— Data provided —
================================
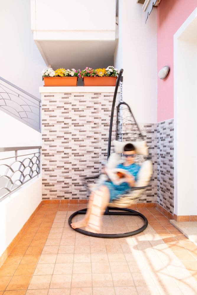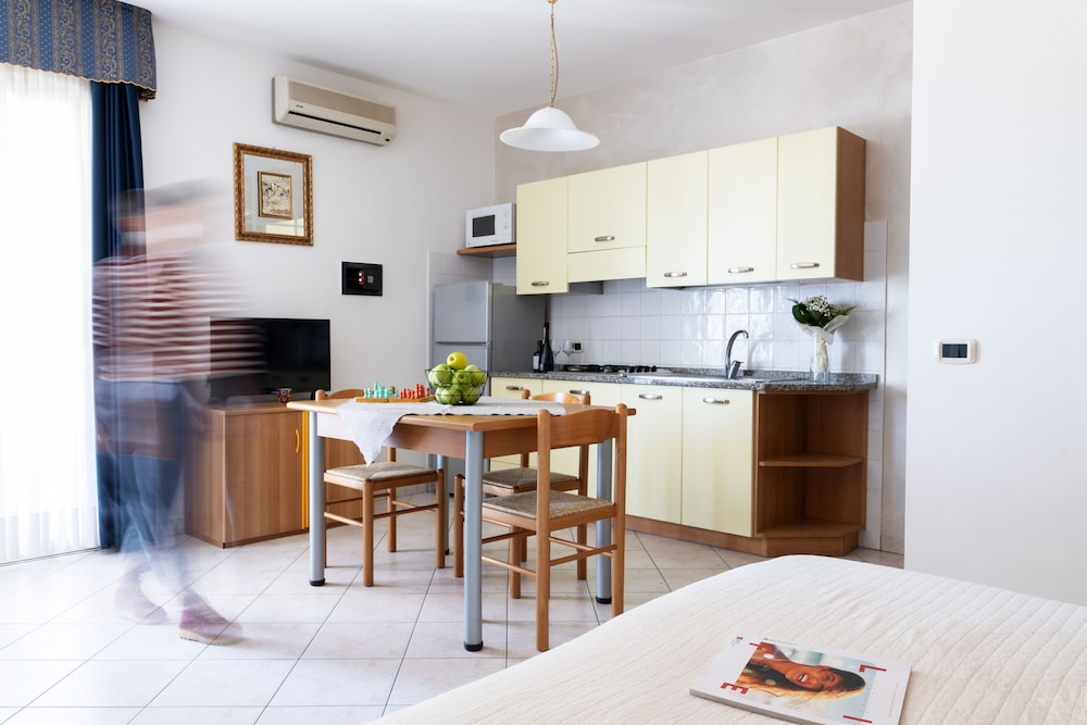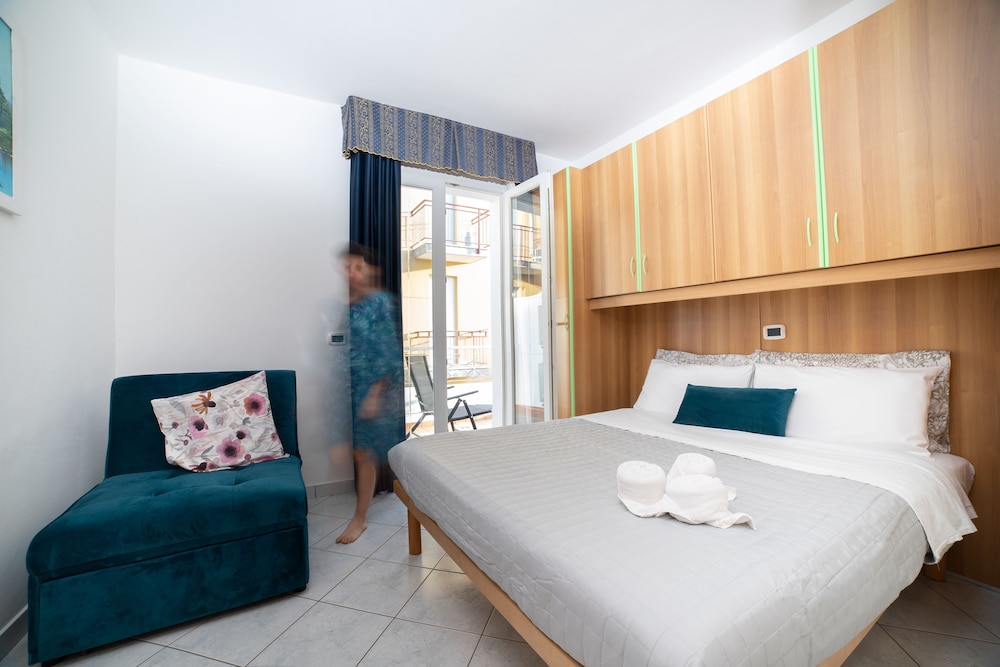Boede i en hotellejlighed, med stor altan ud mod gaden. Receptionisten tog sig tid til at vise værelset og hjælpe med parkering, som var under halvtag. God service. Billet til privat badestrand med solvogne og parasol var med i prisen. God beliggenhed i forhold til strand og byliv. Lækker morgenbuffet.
================================
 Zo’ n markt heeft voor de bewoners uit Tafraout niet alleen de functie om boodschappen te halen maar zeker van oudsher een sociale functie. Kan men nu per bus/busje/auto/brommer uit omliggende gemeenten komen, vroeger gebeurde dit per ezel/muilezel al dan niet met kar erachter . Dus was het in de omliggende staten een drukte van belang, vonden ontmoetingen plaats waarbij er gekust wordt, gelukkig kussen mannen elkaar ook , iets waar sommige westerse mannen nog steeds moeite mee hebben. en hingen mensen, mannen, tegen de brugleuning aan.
================================
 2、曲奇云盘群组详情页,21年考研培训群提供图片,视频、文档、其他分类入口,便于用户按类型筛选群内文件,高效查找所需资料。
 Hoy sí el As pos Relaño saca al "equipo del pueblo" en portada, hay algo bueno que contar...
================================
— Assigned task —
Going down the listing above, begin printing at the line with "2、曲奇云盘群组详情页,21" and finish with the line with "Hoy sí el As", exactly as they appear.

— Your response —
 2、曲奇云盘群组详情页,21年考研培训群提供图片,视频、文档、其他分类入口,便于用户按类型筛选群内文件,高效查找所需资料。
 Hoy sí el As pos Relaño saca al "equipo del pueblo" en portada, hay algo bueno que contar...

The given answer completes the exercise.